(Records contained in a dataset)

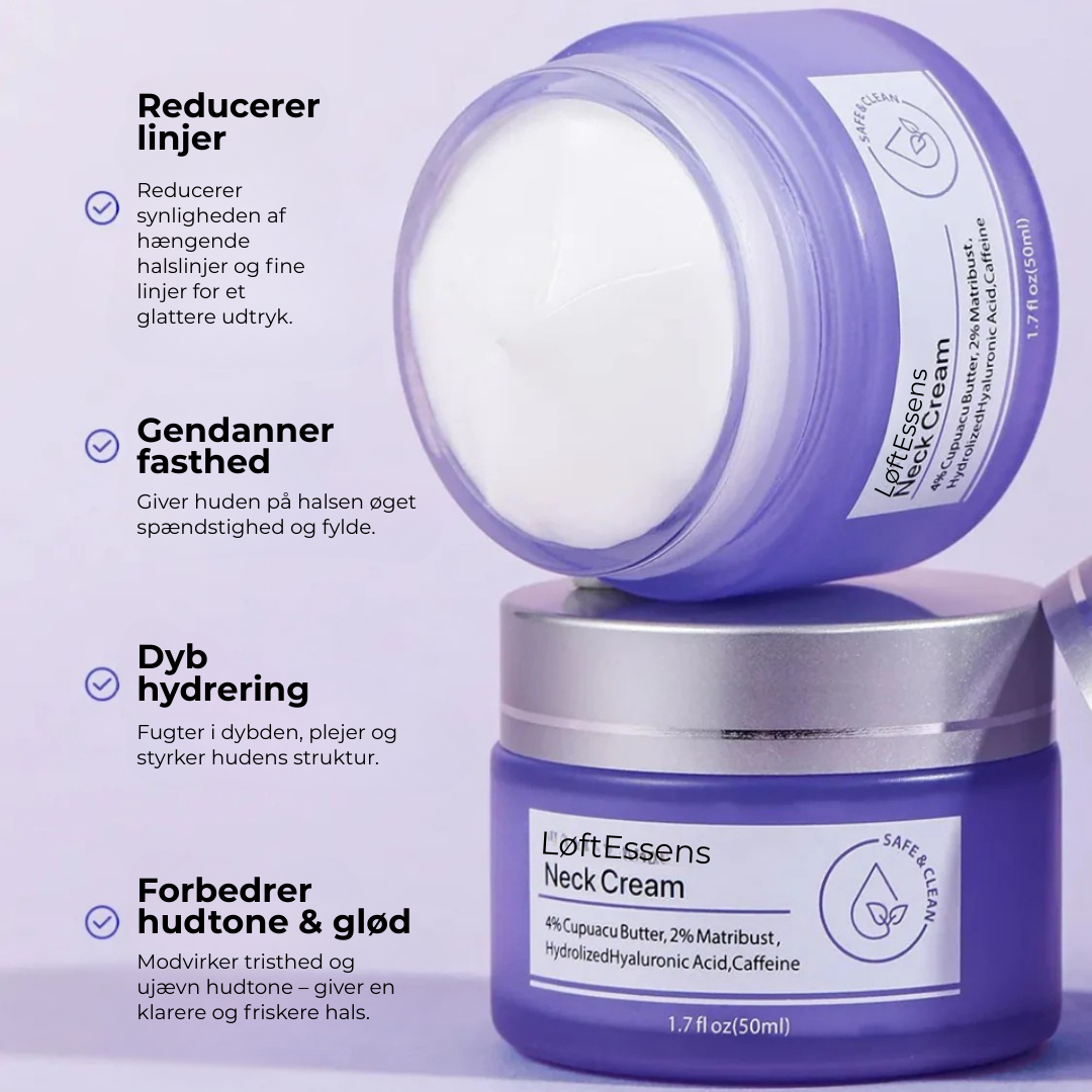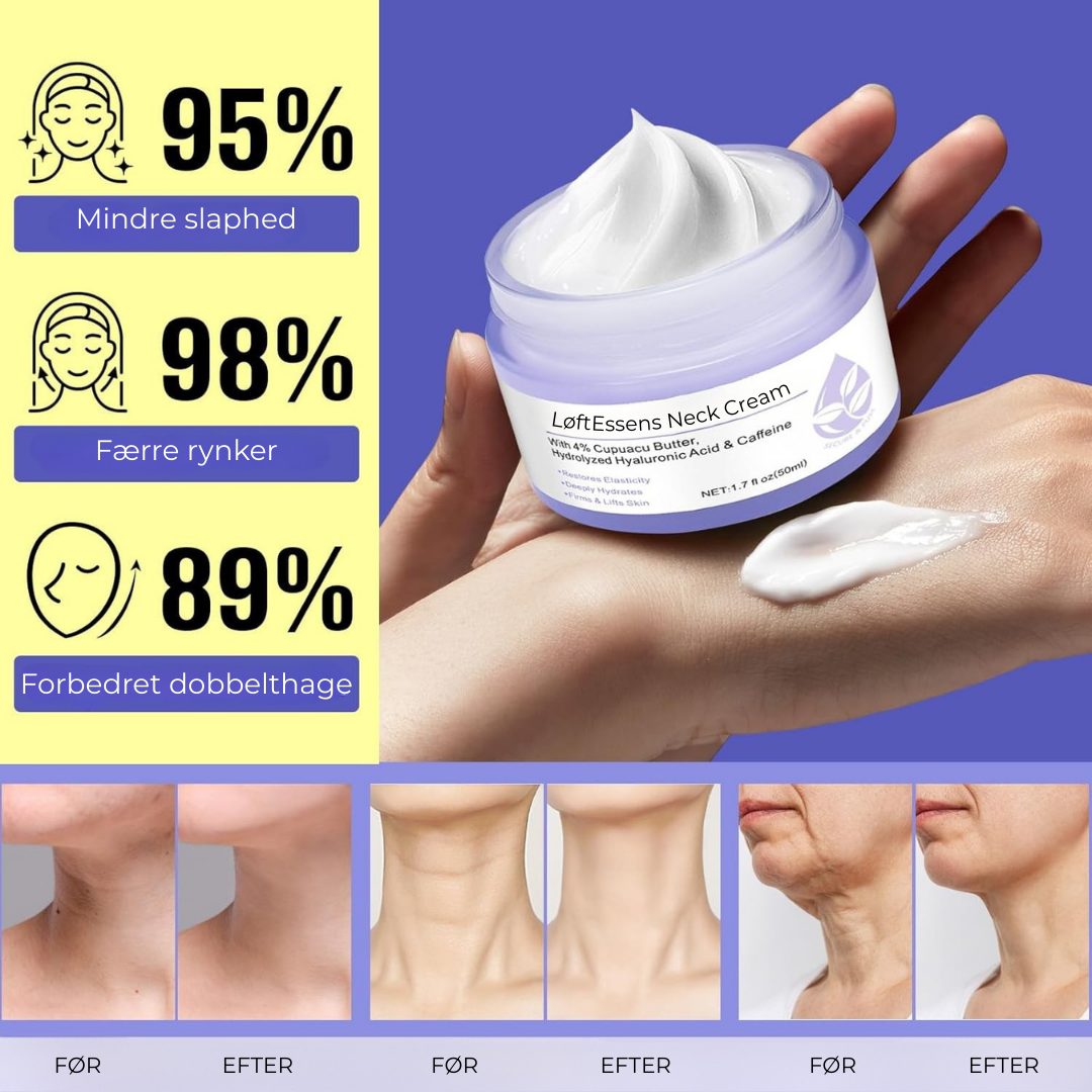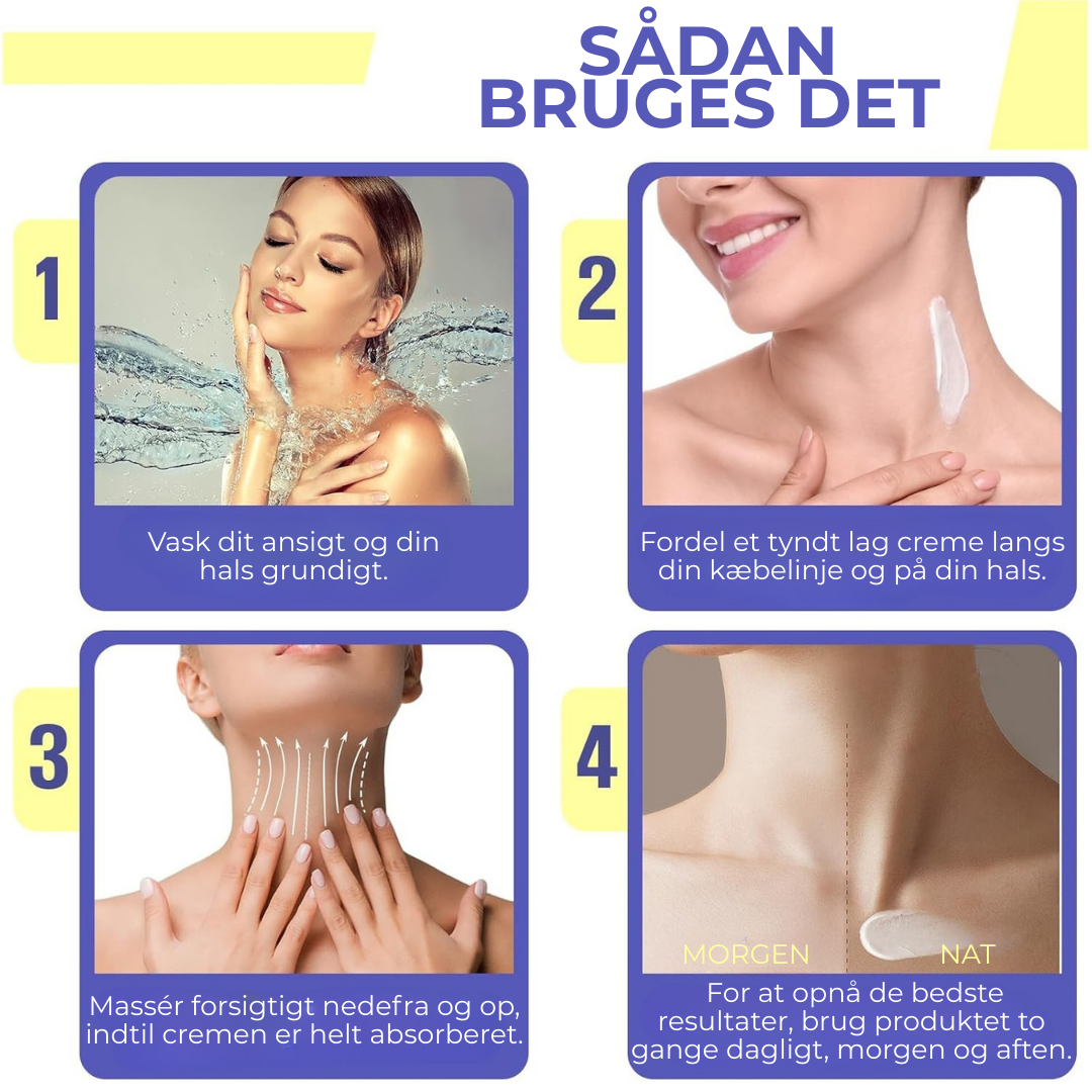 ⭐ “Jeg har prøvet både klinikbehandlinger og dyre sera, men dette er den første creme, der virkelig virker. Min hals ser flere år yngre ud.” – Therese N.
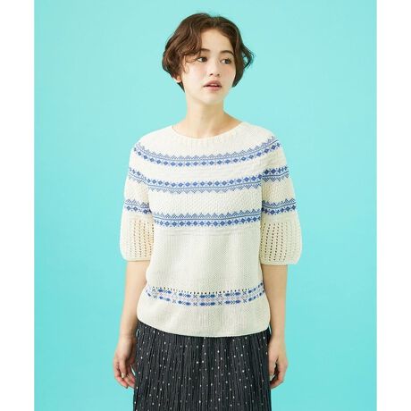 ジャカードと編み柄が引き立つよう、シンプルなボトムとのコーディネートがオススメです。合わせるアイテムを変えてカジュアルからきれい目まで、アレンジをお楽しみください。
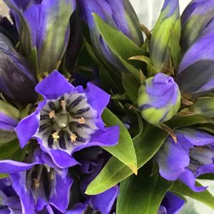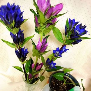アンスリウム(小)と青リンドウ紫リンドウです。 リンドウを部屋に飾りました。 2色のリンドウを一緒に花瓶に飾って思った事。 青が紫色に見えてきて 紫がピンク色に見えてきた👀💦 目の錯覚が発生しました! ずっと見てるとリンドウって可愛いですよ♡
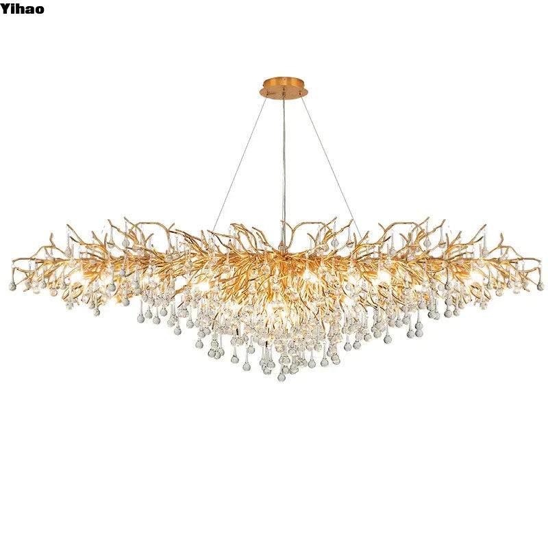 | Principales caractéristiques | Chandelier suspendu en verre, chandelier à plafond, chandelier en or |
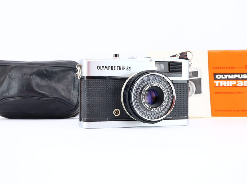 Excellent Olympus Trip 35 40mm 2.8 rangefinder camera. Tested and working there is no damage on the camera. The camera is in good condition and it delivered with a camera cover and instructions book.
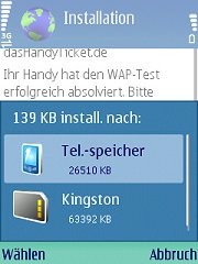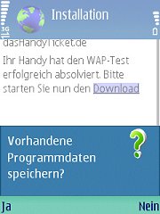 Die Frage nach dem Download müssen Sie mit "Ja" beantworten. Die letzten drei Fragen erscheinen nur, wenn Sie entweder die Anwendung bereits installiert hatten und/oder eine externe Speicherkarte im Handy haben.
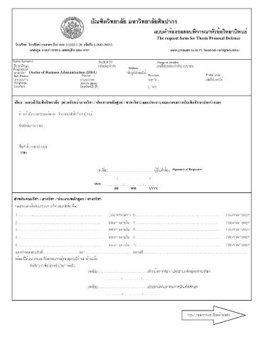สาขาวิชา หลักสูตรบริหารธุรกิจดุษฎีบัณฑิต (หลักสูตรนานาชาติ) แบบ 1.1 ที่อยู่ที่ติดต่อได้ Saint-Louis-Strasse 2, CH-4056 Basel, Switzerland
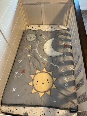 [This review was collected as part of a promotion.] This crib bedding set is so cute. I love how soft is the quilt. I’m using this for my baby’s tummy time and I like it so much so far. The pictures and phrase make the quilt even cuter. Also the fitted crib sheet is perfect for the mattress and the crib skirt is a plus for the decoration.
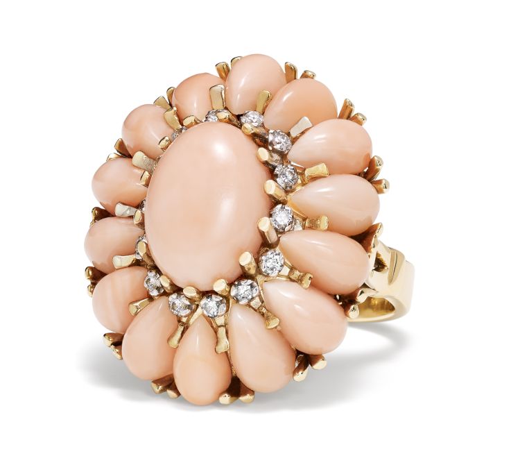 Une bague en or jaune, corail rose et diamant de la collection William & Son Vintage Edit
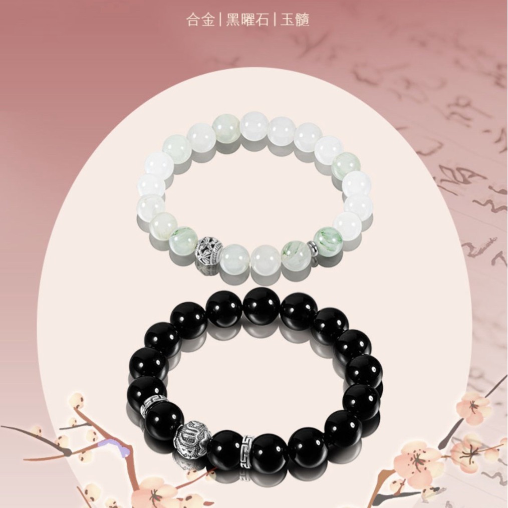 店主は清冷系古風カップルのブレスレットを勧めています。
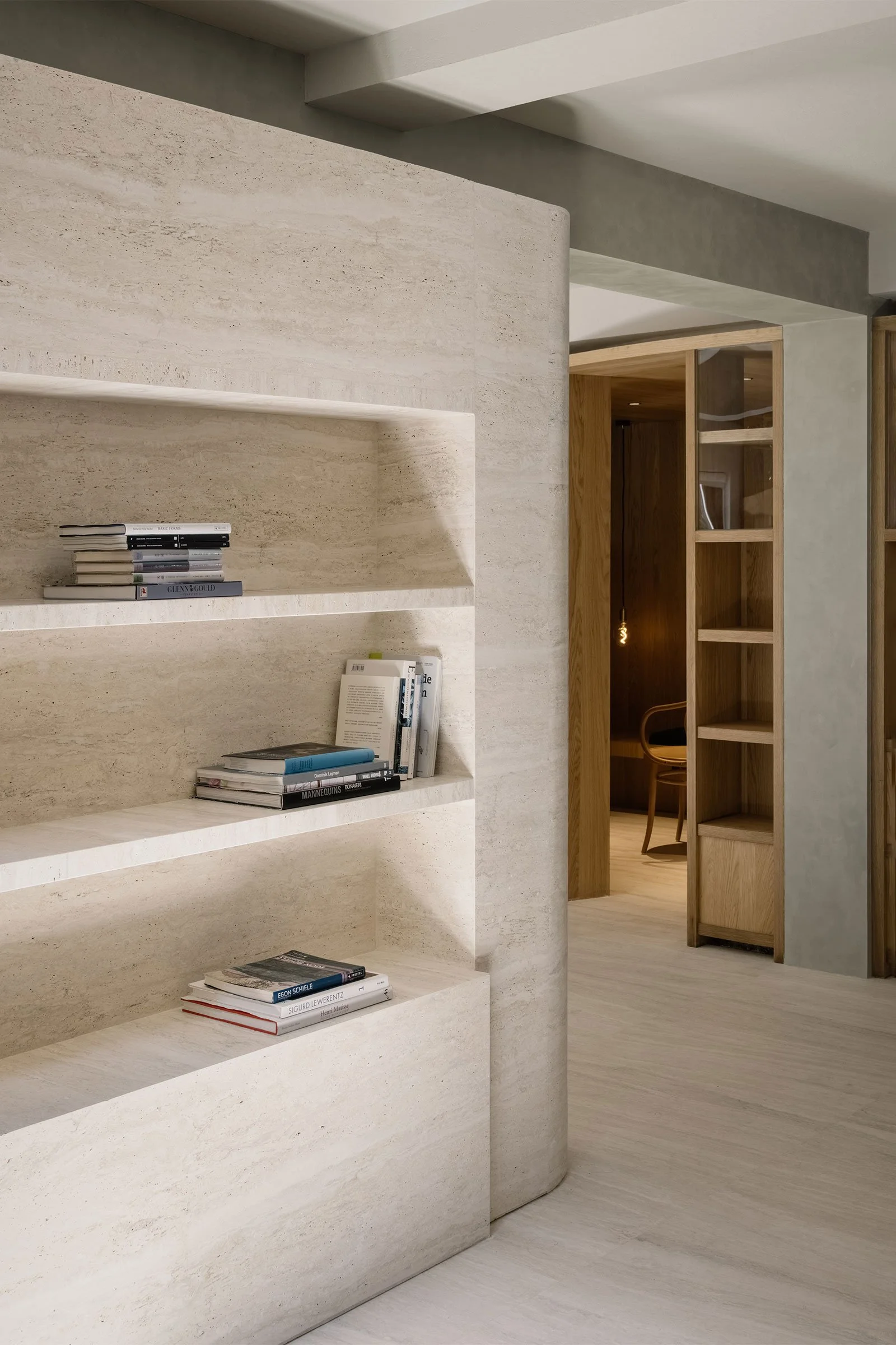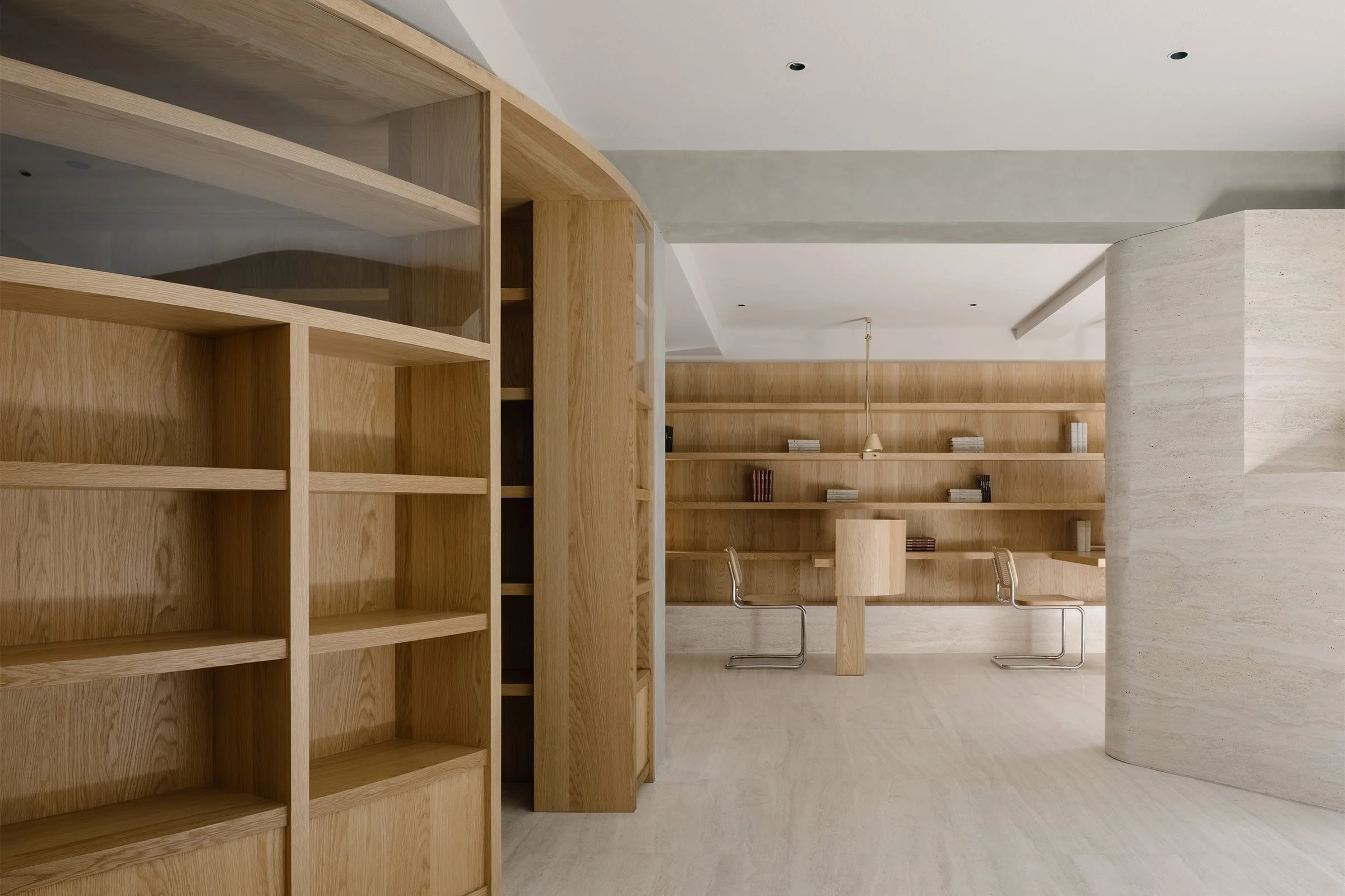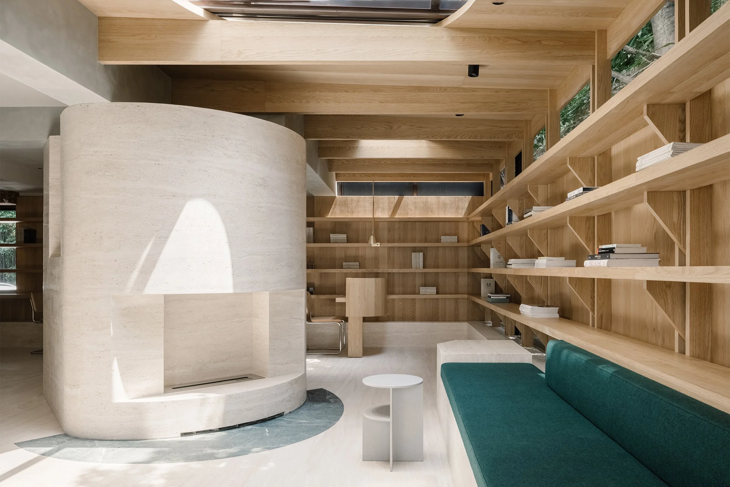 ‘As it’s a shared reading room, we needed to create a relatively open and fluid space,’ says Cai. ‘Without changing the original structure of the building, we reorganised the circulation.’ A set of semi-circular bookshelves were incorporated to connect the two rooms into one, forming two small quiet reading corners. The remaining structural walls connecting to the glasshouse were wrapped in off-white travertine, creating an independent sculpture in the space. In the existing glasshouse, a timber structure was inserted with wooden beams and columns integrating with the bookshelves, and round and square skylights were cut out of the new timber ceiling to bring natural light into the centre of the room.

(What the task asks) Return all the records above exactly, pictures omitted.

(Answer to this exercise)
 ⭐ “Jeg har prøvet både klinikbehandlinger og dyre sera, men dette er den første creme, der virkelig virker. Min hals ser flere år yngre ud.” – Therese N.
 ジャカードと編み柄が引き立つよう、シンプルなボトムとのコーディネートがオススメです。合わせるアイテムを変えてカジュアルからきれい目まで、アレンジをお楽しみください。
アンスリウム(小)と青リンドウ紫リンドウです。 リンドウを部屋に飾りました。 2色のリンドウを一緒に花瓶に飾って思った事。 青が紫色に見えてきて 紫がピンク色に見えてきた👀💦 目の錯覚が発生しました! ずっと見てるとリンドウって可愛いですよ♡
 | Principales caractéristiques | Chandelier suspendu en verre, chandelier à plafond, chandelier en or |
 Excellent Olympus Trip 35 40mm 2.8 rangefinder camera. Tested and working there is no damage on the camera. The camera is in good condition and it delivered with a camera cover and instructions book.
 Die Frage nach dem Download müssen Sie mit "Ja" beantworten. Die letzten drei Fragen erscheinen nur, wenn Sie entweder die Anwendung bereits installiert hatten und/oder eine externe Speicherkarte im Handy haben.
สาขาวิชา หลักสูตรบริหารธุรกิจดุษฎีบัณฑิต (หลักสูตรนานาชาติ) แบบ 1.1 ที่อยู่ที่ติดต่อได้ Saint-Louis-Strasse 2, CH-4056 Basel, Switzerland
 [This review was collected as part of a promotion.] This crib bedding set is so cute. I love how soft is the quilt. I’m using this for my baby’s tummy time and I like it so much so far. The pictures and phrase make the quilt even cuter. Also the fitted crib sheet is perfect for the mattress and the crib skirt is a plus for the decoration.
 Une bague en or jaune, corail rose et diamant de la collection William & Son Vintage Edit
 店主は清冷系古風カップルのブレスレットを勧めています。
 ‘As it’s a shared reading room, we needed to create a relatively open and fluid space,’ says Cai. ‘Without changing the original structure of the building, we reorganised the circulation.’ A set of semi-circular bookshelves were incorporated to connect the two rooms into one, forming two small quiet reading corners. The remaining structural walls connecting to the glasshouse were wrapped in off-white travertine, creating an independent sculpture in the space. In the existing glasshouse, a timber structure was inserted with wooden beams and columns integrating with the bookshelves, and round and square skylights were cut out of the new timber ceiling to bring natural light into the centre of the room.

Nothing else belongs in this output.